CVS and Walgreens hit with more opioid-related lawsuits—a newly approved pain pill could help them turn the page

The news: The US Department of Justice (DOJ) recently sued CVS and Walgreens, alleging that both companies dispensed unlawful prescriptions for controlled substances like opioids and sought reimbursement for the medications from federal healthcare programs.

The DOJ also alleged the companies violated the Controlled Substances Act and the False Claims Act.

Zooming out: The opioid epidemic has plagued the US. Nearly 727,000 people died from an opioid overdose from 1999 to 2022, according to the CDC.

A number of players that have either manufactured, dispensed, or marketed opioids have also faced consequences.

  • The Sackler family and Purdue Pharma—makers of the addictive opioid painkiller OxyContin—recently reached a $7.4 billion settlement with a coalition of 15 states for their role in the epidemic. The settlement bars the family from selling opioids in the US and ends its control of Purdue.
  • CVS, Walgreens, and Rite Aid have also settled with states and cities across the US to resolve claims brought against them for their roles in the crisis.
  • And Publicis Health, part of ad agency titan Publicis Groupe, agreed to pay $350 million for its role in marketing opioids. Publicis executed on Purdue’s “Evolve to Excellence” strategy, which flooded doctors who prescribed the most OxyContin with marketing and sales outreach. The strategy was developed by McKinsey (who also settled with the DOJ for $650 million).

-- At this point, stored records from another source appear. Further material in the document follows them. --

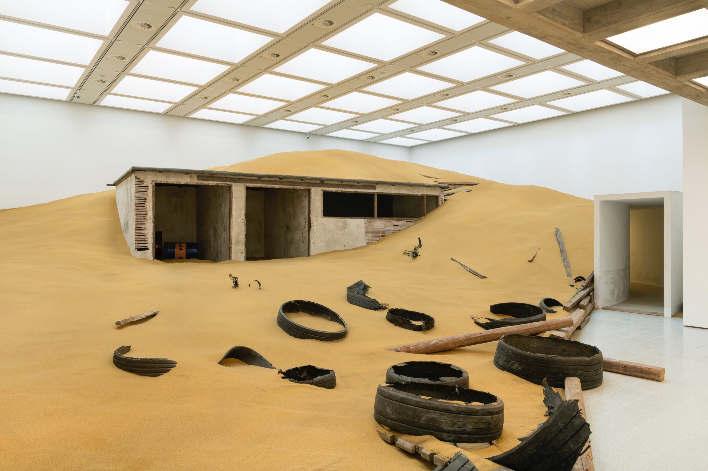 The work seeks to make sense of both sites and their inter-relatedness through constructed environments, sculpture and photography. Turning the Warehouse into his studio since the start of May, Nelson transforms the space into both a site of production and part of the setting for his work.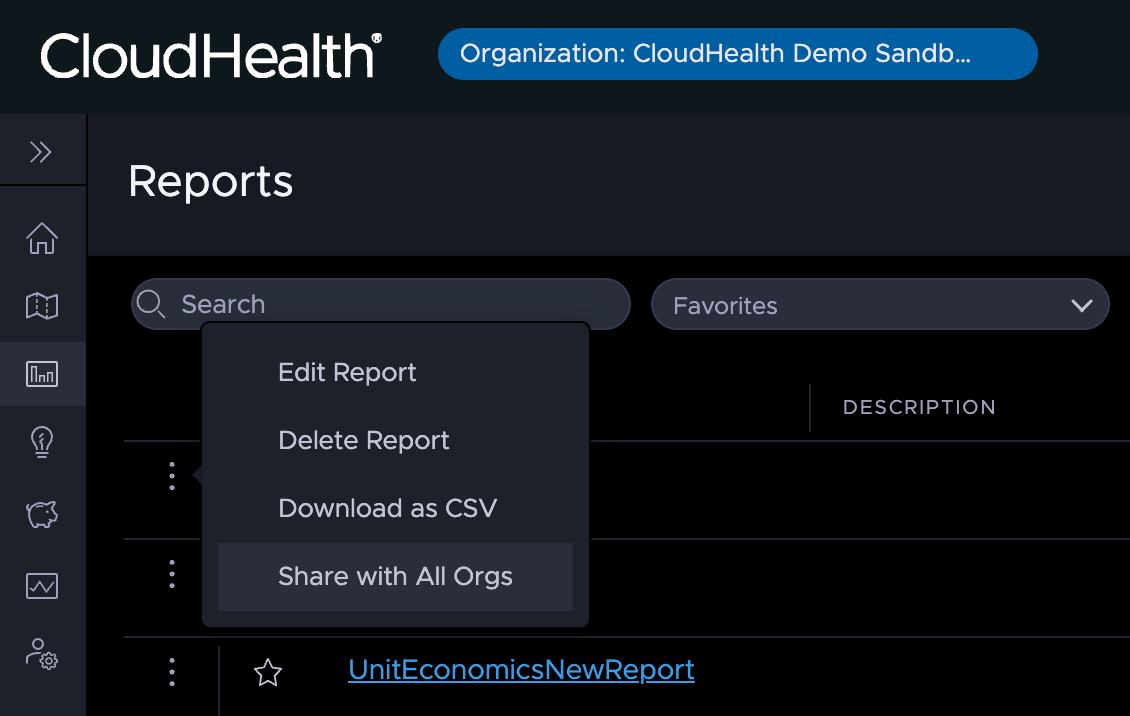 CloudHealth is now announcing the sharing of public reports from the Top level organizational unit to all sub organizations through an action on reports. If a report is public, it can be shared with all Sub organizations. To share with all orgs, click the three dots next to the report name and click “Share with All Orgs” and to unshare, then click on “Unshare from All Orgs”.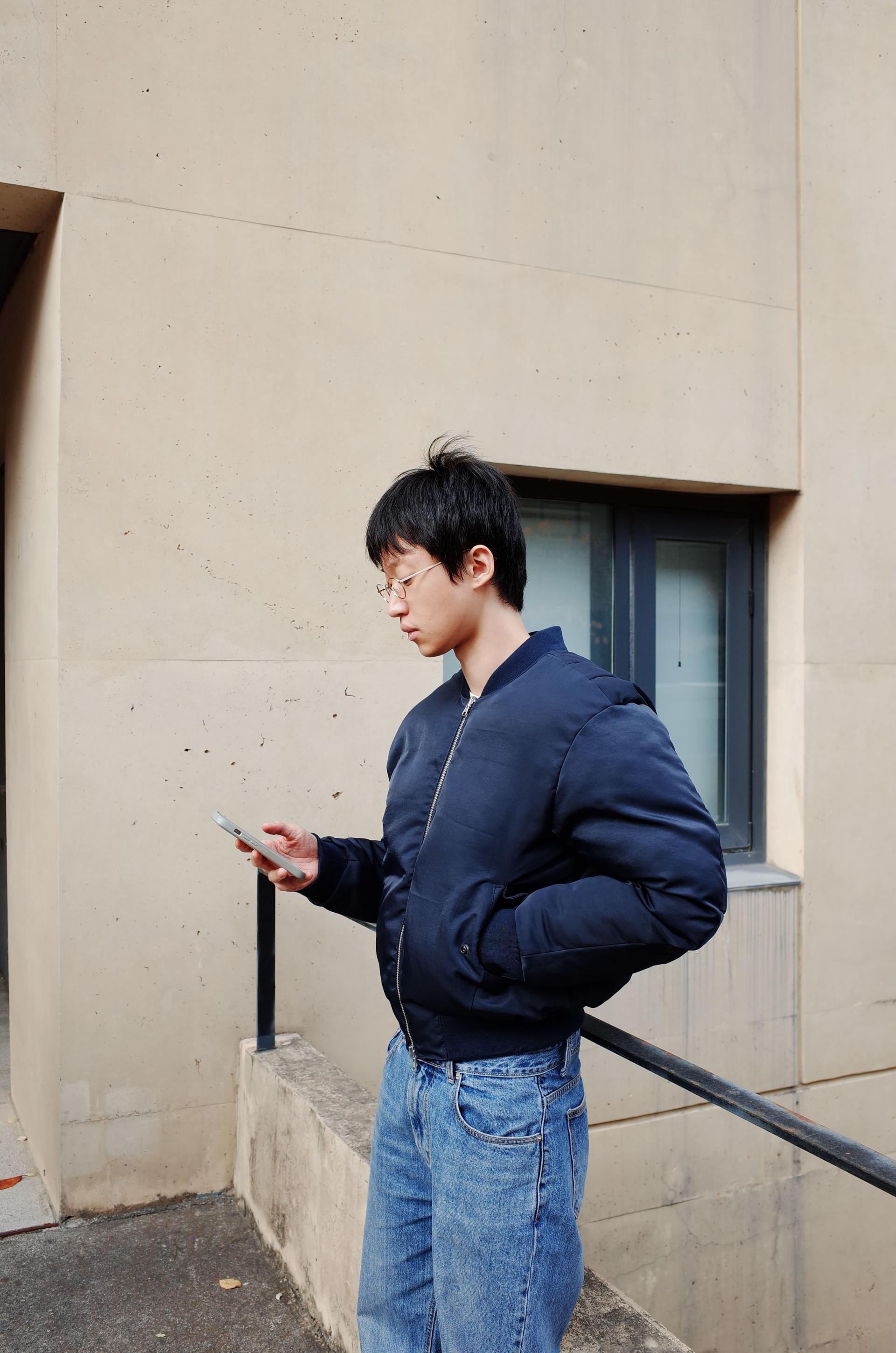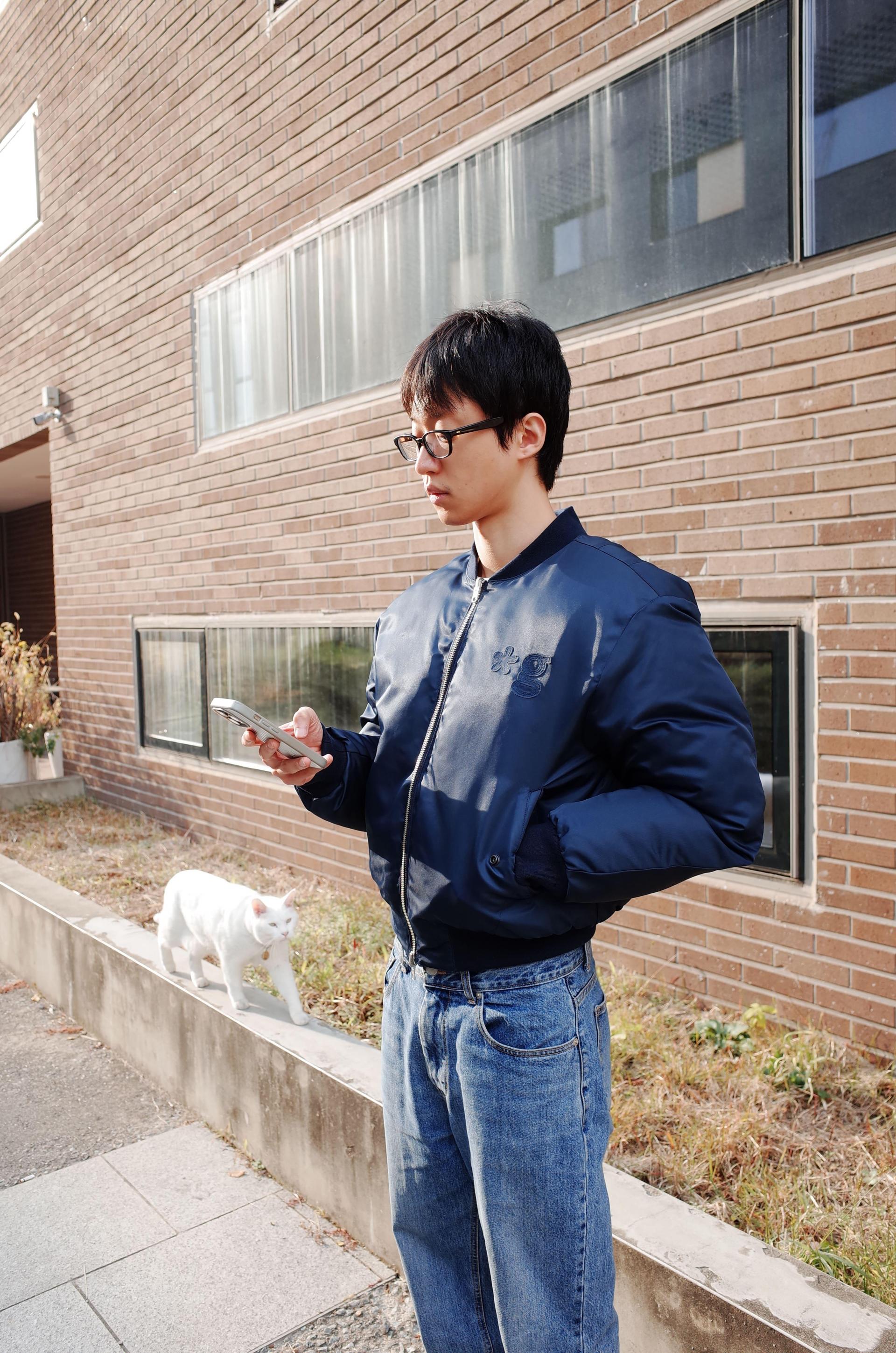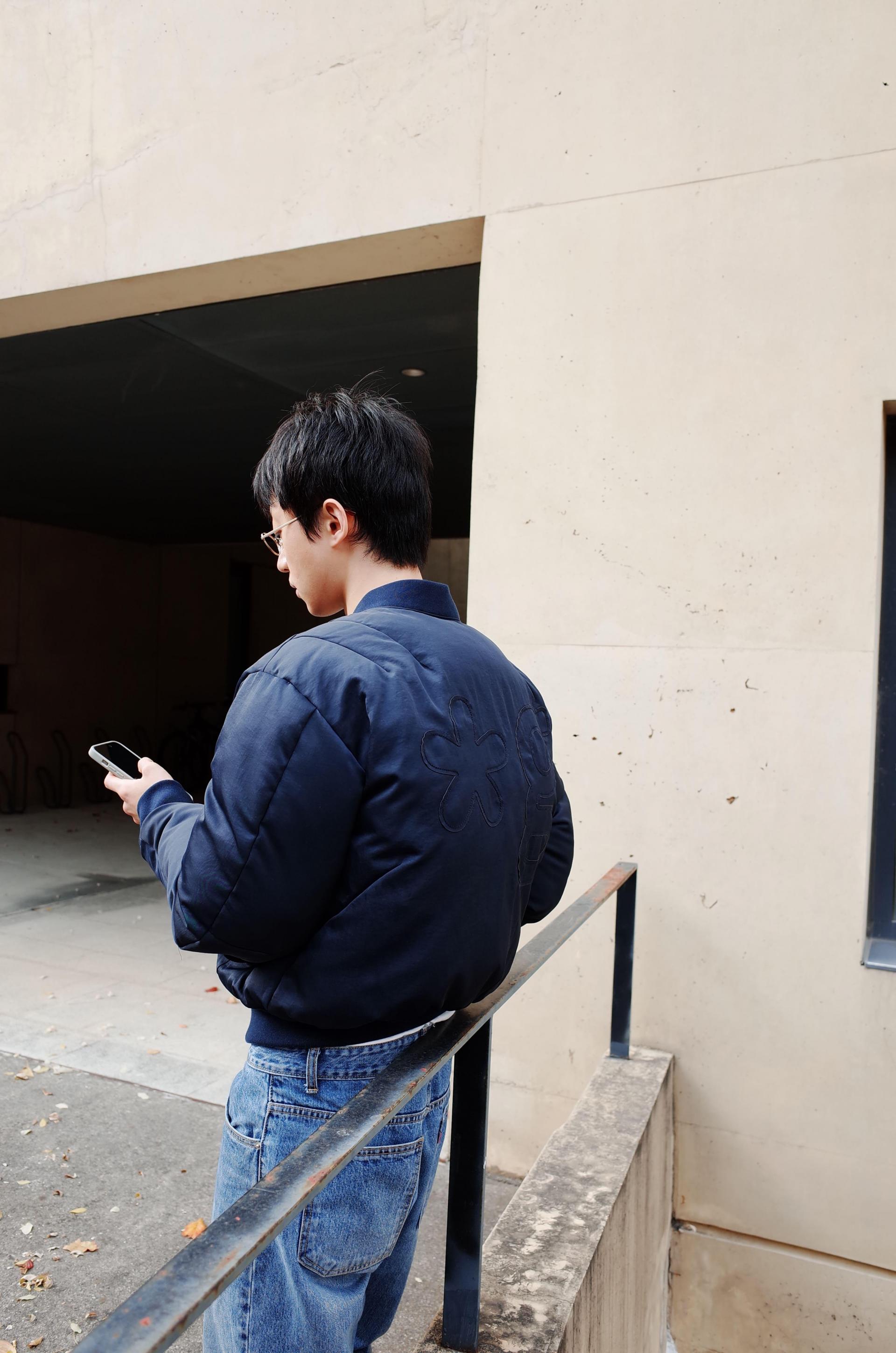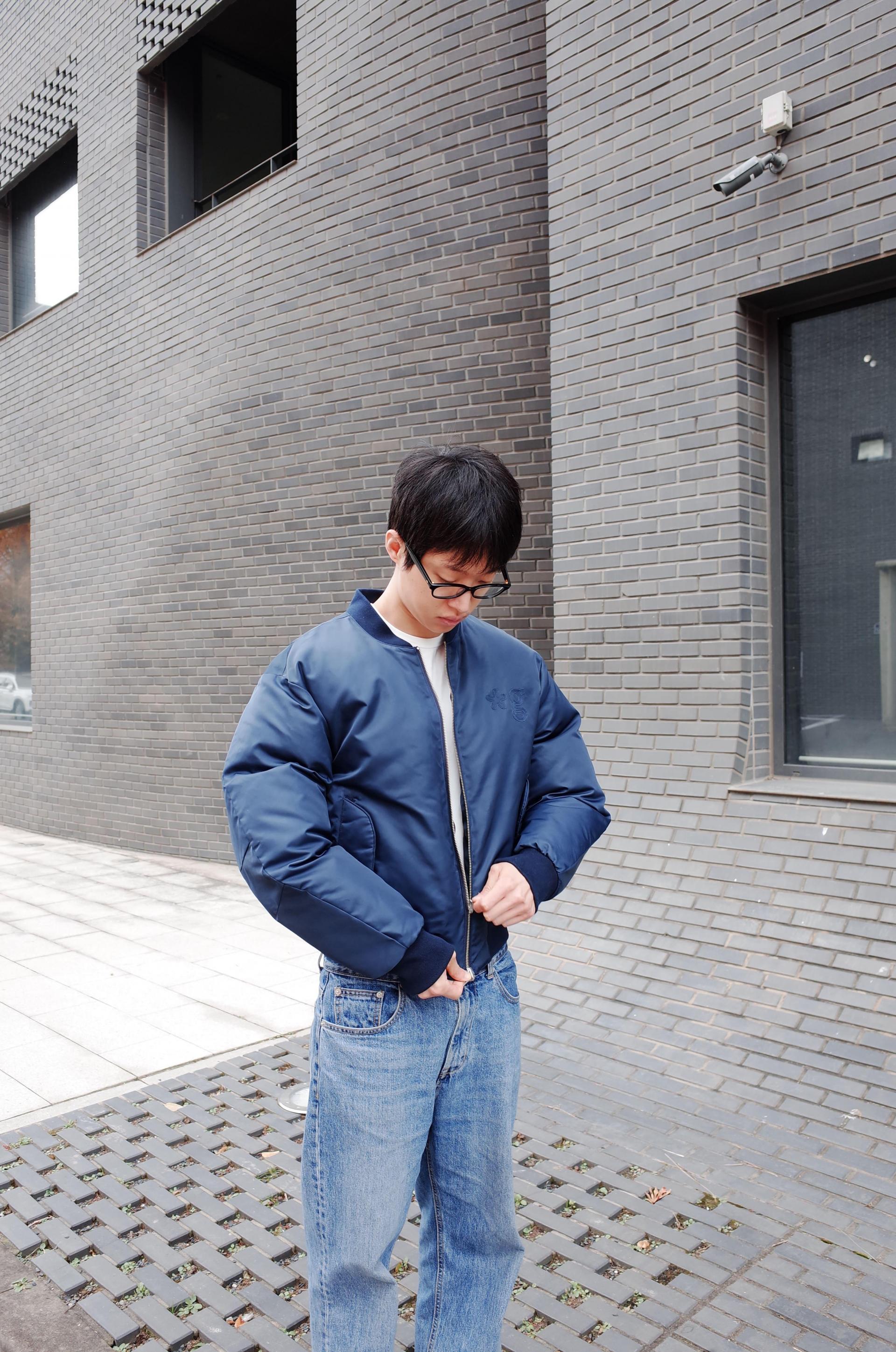REVERSIBLE PUFFER BOMBER JACKET (NAVY)

Yes, but: Americans are still in pain—over 80 million people are prescribed medication for acute pain in the US each year—and they need non-habit-forming treatments that can address it.

Vertex Pharmaceuticals’ recently FDA-approved non-opioid painkiller could help fill this void. The drug, Journavx, is the first new pain medicine to be approved by the FDA in over two decades, and is used for the treatment of moderate to severe acute pain. Whereas opioids trigger the brain’s reward centers in a way that feeds addiction, Journavx works by blocking pain signals at their origin.

Early returns from the market indicate that Wall Street sees a viable investment opportunity at hand. Journavx is expected to generate $100 million in sales this year, growing to over $1 billion annually in 2028, per FactSet data cited by The Wall Street Journal. News of the drug’s approval sent Vertex shares jumping nearly 7% as of this writing.

Our take: Retail pharmacies and drugmakers will be the major beneficiaries of Journavx’s FDA approval.

For retail pharmacies, there will be a non-opioid painkiller to dispense without the same liabilities and risks that come with filling prescriptions for opioids.

For drugmakers, there is an emerging market for non-opioid pain management medications to tap into, which could become the new standard of care.